Colossus Files Notice of Intention Under Bankruptcy and Insolvency Act
January 14 2014 - 7:30AM
Marketwired
Colossus Files Notice of Intention Under Bankruptcy and Insolvency
Act
TORONTO, ONTARIO--(Marketwired - Jan 14, 2014) - Colossus
Minerals Inc. (TSX:CSI)(OTCQX:COLUF) ("Colossus" or the "Company")
As indicated previously, the Company was unable to rectify its
inability to make the December 31, 2013 interest payment on the
Convertible Gold Linked Notes ("Notes") prior to the close of
business on January 10, 2013.
Colossus announced today that the Board of Directors has
approved a proposal (the "Term Sheet") received from certain
holders of Notes and Sandstorm Gold Ltd. ("Sandstorm") outlining
the terms of a restructuring of Colossus that provides for interim
debtor-in-possession financing (the "DIP Financing") to fund the
Company as it pursues, in tandem, a six week sale and investment
solicitation process (the "Sale Process") and a restructuring of
Colossus' capital structure through the conversion of Colossus'
debt into equity (the "Restructuring").
The Board of Directors has also approved today the filing by the
Company of a notice of intention (the "NOI") to make a proposal
under the Bankruptcy and Insolvency Act (Canada) (the
"BIA"), which is intended to enable Colossus to pursue the Sale
Process and Restructuring with the benefit of creditor protection
and under Court-supervision. Duff & Phelps Canada Restructuring
Inc. ("Duff & Phelps") was named as the proposal trustee in the
NOI.
In the coming days the Company intends to seek an order from the
Court (i) approving the terms of a DIP Financing credit facility
(the "DIP Credit Facility") and (ii) approving the terms of the
Sale Process, which is to be administered by the Company and its
financial advisor and overseen by Duff & Phelps.

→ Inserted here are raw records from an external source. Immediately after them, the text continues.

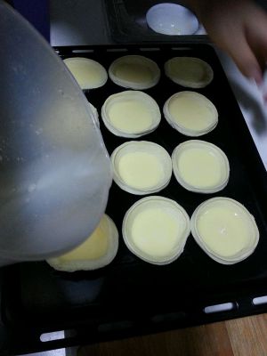 为了使蛋挞吃起来口感更好,所以我这次过了2遍过滤网,把蛋挞液倒入挞皮中,只要8分满就好,太多了容易发出来就都浪费了。
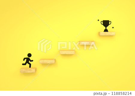 トロフィーに向かって一歩ずつ登る人の黄色背景画像
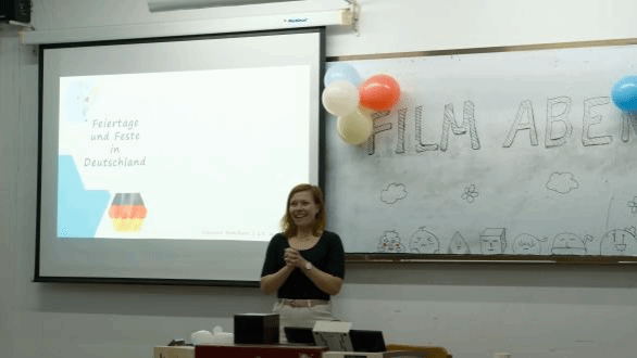 为了让同学们能够学习节日相关的德语词汇,本次电影之夜还精心设计了“击鼓传花”和“拼单词”等多个寓教于乐的小游戏。在游戏中,同学们不仅锻炼了自己的语言能力和反应速度,还增进了对中德文化的了解,提升了用德语介绍中国传统文化的能力。德国外教们也积极参与其中,了解到了不少关于我国的传统习俗。
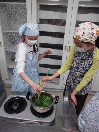 茹でた方がかさが減ることや、緑が鮮やかになることに気づく子がたくさんいました。
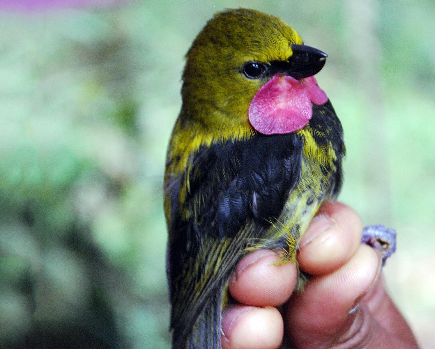 It’s small, with a stubby bill and colorful feathers. The male has a bright yellow face and a pink wattle (a fleshy flap of skin) near its bill.
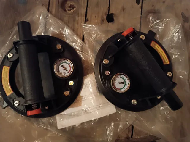 Detalles del productoSet de dos ventosas de succión para vidrio, lunas o azulejos. Cada una tiene una capacidad de hasta 250kg. Usadas una sola vez para poner una mámpara.
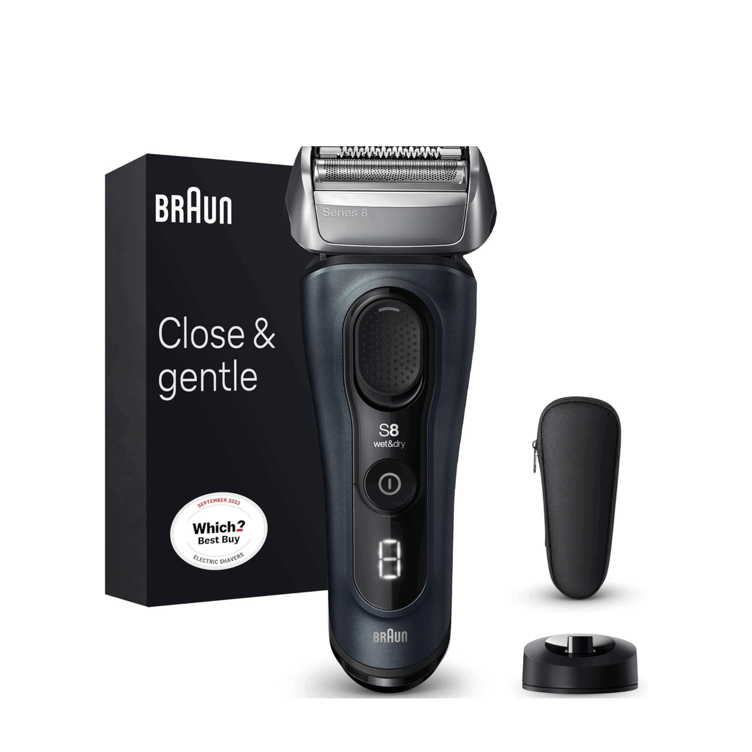 - 4 sonic-powered shaving elements deliver a close and gentle shave even on dense beards
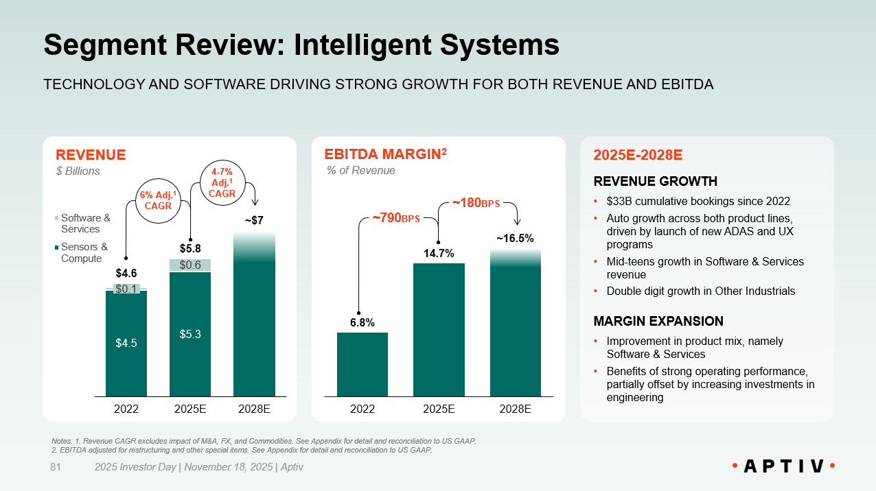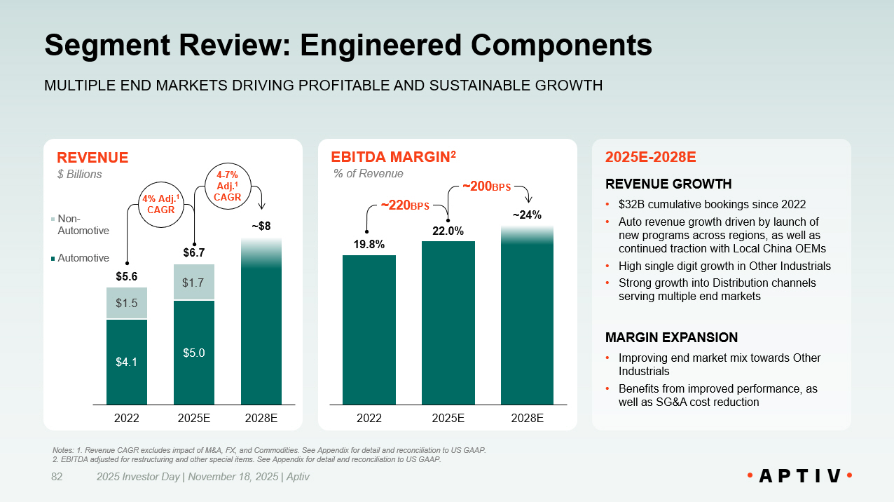 EBITDA MARGIN 2 6.8% 14.7% ~16.5% 2022 2025E 2028E REVENUE $4.5 $5.3 $0.1 $0.6 $4.6 $5.8 ~$7 2022 2025E 2028E Software & Services Sensors & Compute Segment Review: Intelligent Systems 2025 Investor Day | November 18, 2025 | Aptiv 81 TECHNOLOGY AND SOFTWARE DRIVING STRONG GROWTH FOR BOTH REVENUE AND EBITDA 2025E - 2028E REVENUE GROWTH • $33B cumulative bookings since 2022 • Auto growth across both product lines, driven by launch of new ADAS and UX programs • Mid - teens growth in Software & Services revenue • Double digit growth in Other Industrials MARGIN EXPANSION • Improvement in product mix, namely Software & Services • Benefits of strong operating performance, partially offset by increasing investments in engineering $ Billions % of Revenue 6% Adj. 1 CAGR 4 - 7% Adj. 1 CAGR ~790 BPS ~180 BPS Notes: 1. Revenue CAGR excludes impact of M&A, FX, and Commodities. See Appendix for detail and reconciliation to US GAAP. 2. EBITDA adjusted for restructuring and other special items. See Appendix for detail and reconciliation to US GAAP.
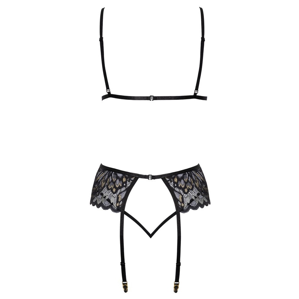 The Kissable set comprises a non-wired bra, garter belt and thong, crafted from delicate lace and powernet. All pieces are soft and stretchy, ensuring an extremely comfortable fit. The bra has adjustable straps and a hook-and-eye fastening at the back. The suspender belt also features a hook-and-eye fastening at the back and adjustable suspender straps. The thong, with its daring design, stands out for its two thin, stretchy straps that meet at the front.
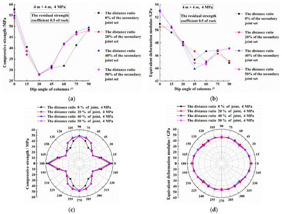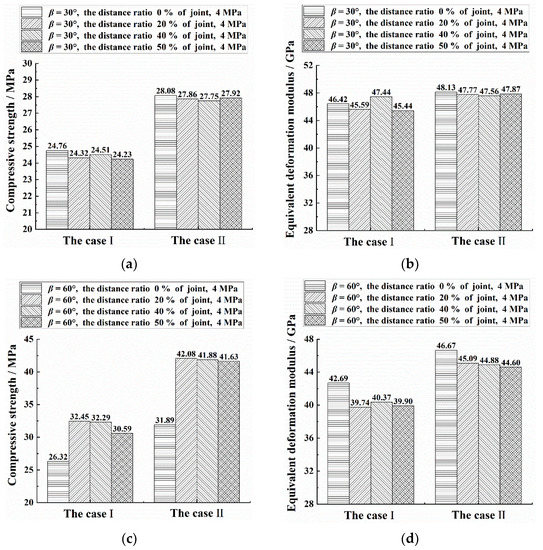 According to Figure 4a, under the lateral pressure of 4 MPa, in terms of compressive strength (CS), when the joint distance ratio is 0%, the compressive strength of specimen shows a roughly U-shaped trend as β increases; when the joint distance ratio is 20%, 40% and 50%, that changes roughly in a V-shaped trend as β increases. At β of 60° and 75°, compared with the specimen with a joint distance ratio of 0%, for the models with the joint distance ratios of 20%, 40% and 50%, the CS is risen greatly, which is caused by the obvious growth of the effective bearing area. Furthermore, combined with Figure 4c, it is clear that for the CJBs with various joint distance ratios, the troughs of CS appear at β = 30°, 150°, 210° and 330°; the peaks of CS appear at β = 0°, 90°, 180° and 270°. Additionally, for the CJBs with the joint distance ratios of 20%~50%, the CSs of specimens decrease sharply near β = 0° and 180°, which results from the rapid penetration failure of joints. However, they change relatively gently near β = 90° and 270°.
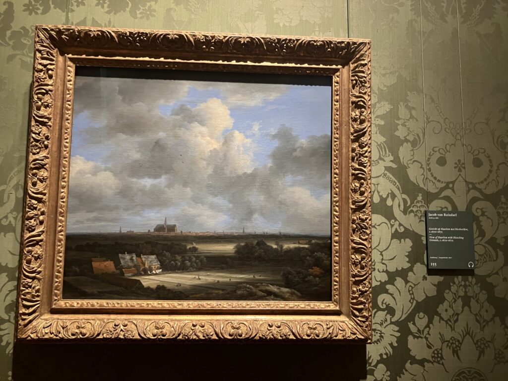 高い砂丘からハーレムの街を見下ろす風景。画面の3分の2を占める雄大な雲の空と、光と影のコントラスト、水面の反射が本当に美しく、オランダの風景画の到達点と言われる名画です。
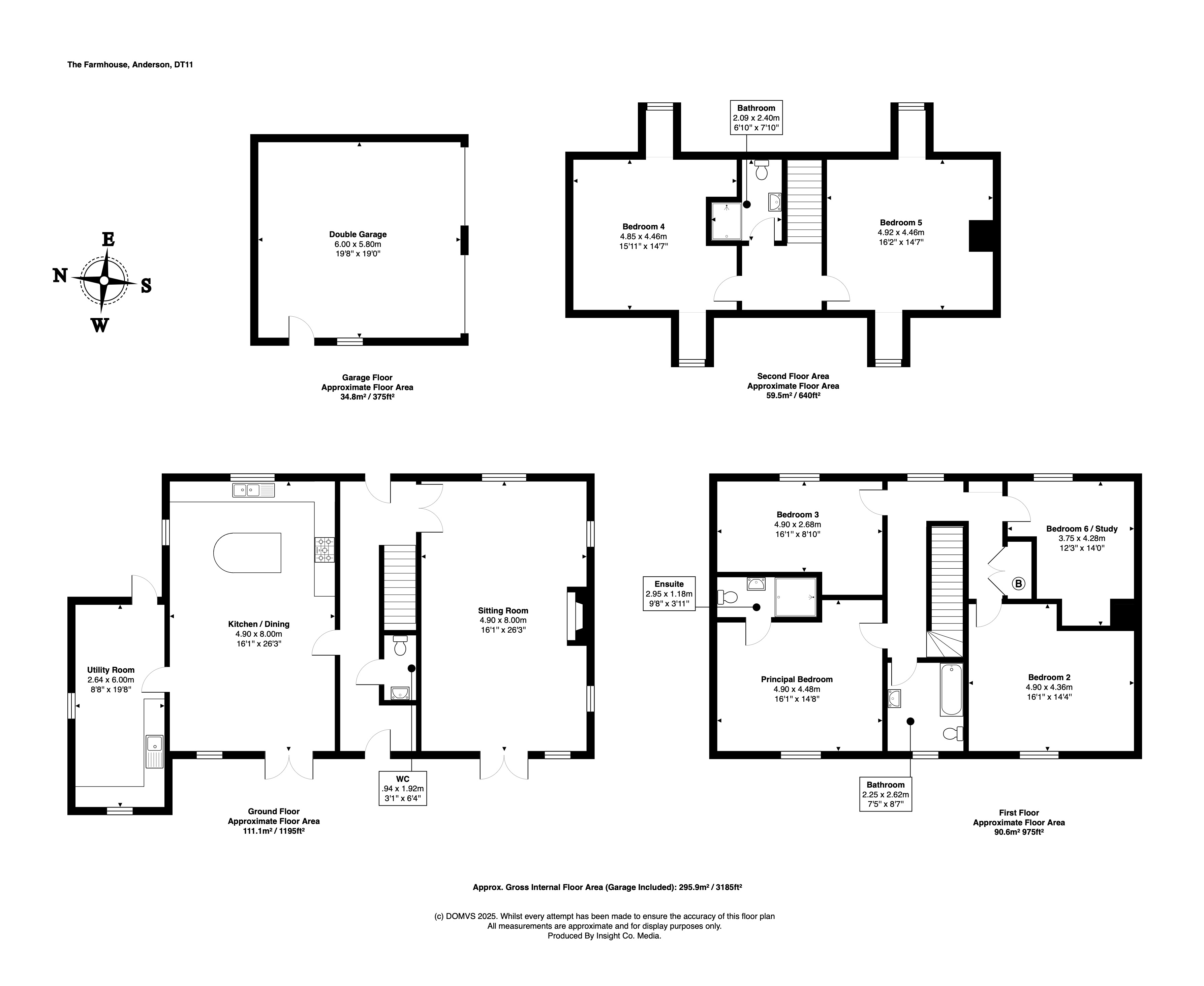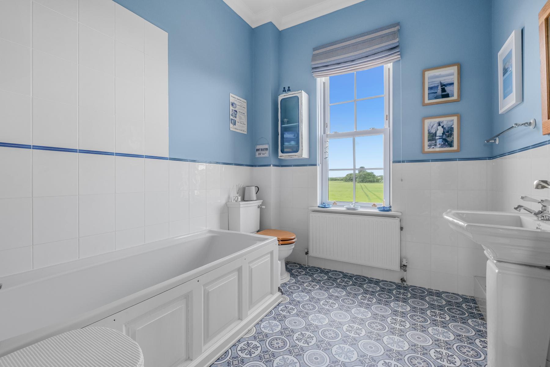 The first floor includes a well-proportioned PRINCIPAL BEDROOM with an ensuite shower room and lovely views across the garden and surrounding fields. Two further dedicated double bedrooms with fitted wardrobes (BEDROOMS TWO and THREE) are located on this level, as well as a modern FAMILY BATHROOM containing a bath, W.C. and wash hand basin. BEDROOM SIX, currently used as a study, offers flexible space for those needing to work from home, and also includes fitted wardrobes.
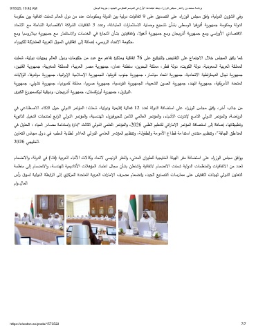 تﻠمﺷ ،ﺔيﻟود تﺎﻬﺟو مﻟﺎﻌﻟا لودو تﺎﻣوكﺣ نﻣ ددﻋ ﻊﻣ مﻫﺎﻔﺗ ةركذﻣو ﺔيقﺎﻔﺗا 76 ﻰﻠﻋ ﻊيقوتﻟاو ضوﺎﻔتﻟا ﻰﻠﻋ عﺎمتﺟﻻا لﻼﺧ سﻠجمﻟا قﻓاو ﺎمﻛ
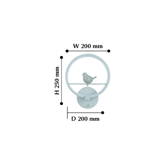 Каркас светильника из металла ,белого цвета с акриловой фигуркой птички,светильник с выключателем.Доступен в черном цвете,код-2063-1W.
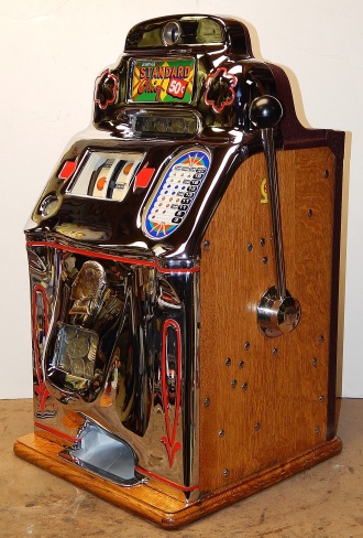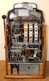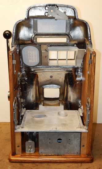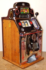 1946 Jennings "Chrome" Standard Chief 50 cent, Another large coin machine. New triple chrome plating, 10 out of a 10 mint condition. This machine has a new award card and marquee, original cash box, original back door, with ODJ original back door lock and key, original reel strips, jackpot with reserve. Plays and pays as it should. If your looking for a super nice number matching large coin machine in mint condition, here you are.

The DIP Credit Facility will be a senior secured, term credit
facility with an initial maximum credit amount of up to
US$4,000,000, subject to increase by up to an additional
US$6,000,000 with the consent of the lenders under the DIP Credit
Facility. Interest under the DIP Credit Facility will accrue at the
rate of 20.0% per annum and be payable monthly in arrears. The DIP
Credit Facility will be used to: (i) provide working capital,
maintenance capital expenditures, other capital expenditures,
financing charges and other ordinary course expenditures, (ii) pay
fees, costs and expenses associated with the DIP Credit Facility;
(iii) pay fees, costs and expenses in connection with the
proceedings necessary to implement the BIA Proposal; and (iv) pay
fees, costs and expenses in connection with the Sale Process. The
maturity date of the DIP Credit Facility will be the earliest of:
(i) the date that is 12 weeks after the commencement of the
proceedings under the BIA unless extended on terms satisfactory to
the lenders, (ii) the effective date of the BIA Proposal and (iii)
the date upon which the proceedings under the BIA are
terminated.
Subsequent to the court order referred to above, the Company
intends to pursue a dual track process of: (a) administering the
Sale Process and (b) taking all necessary steps and seeking
necessary creditor and court approvals for the implementation of
the Restructuring. The Restructuring is to be undertaken by way of
a proposal to creditors under the BIA and an arrangement under the
Business Corporations Act (Ontario) (the "Proposal"). If
the Proposal is implemented there will be changes to Colossus'
share capital and shareholdings without a shareholder vote, and all
claims of creditors of the Company (other than the 2% net smelter
return royalty to be issued to Sandstorm) will be converted to
equity. If the BIA Proposal is implemented and the initial maximum
amount of the DIP Credit Facility (defined below) is converted into
equity securities, former holders of Notes will hold approximately
51.5% of the Company's outstanding common shares, Sandstorm will
hold approximately 38.8% of the Company's outstanding common
shares, lenders under the bridge loan will hold approximately 8.0%
of the Company's outstanding common shares and existing
shareholders of the Company will hold approximately 1.7% of the
Company's outstanding common shares.
Holders of Notes and the common shares are cautioned that
consummation of a sale or investment transaction or the
implementation of the Proposal and the completion of the
transactions contemplated thereby are subject to many factors such
as board approval, the negotiation and execution of definitive
documentation, court approval and regulatory approval. There can be
no assurance that any transaction will be completed on the terms
described herein, or that existing shareholders or holders of Notes
will ultimately receive or retain any value.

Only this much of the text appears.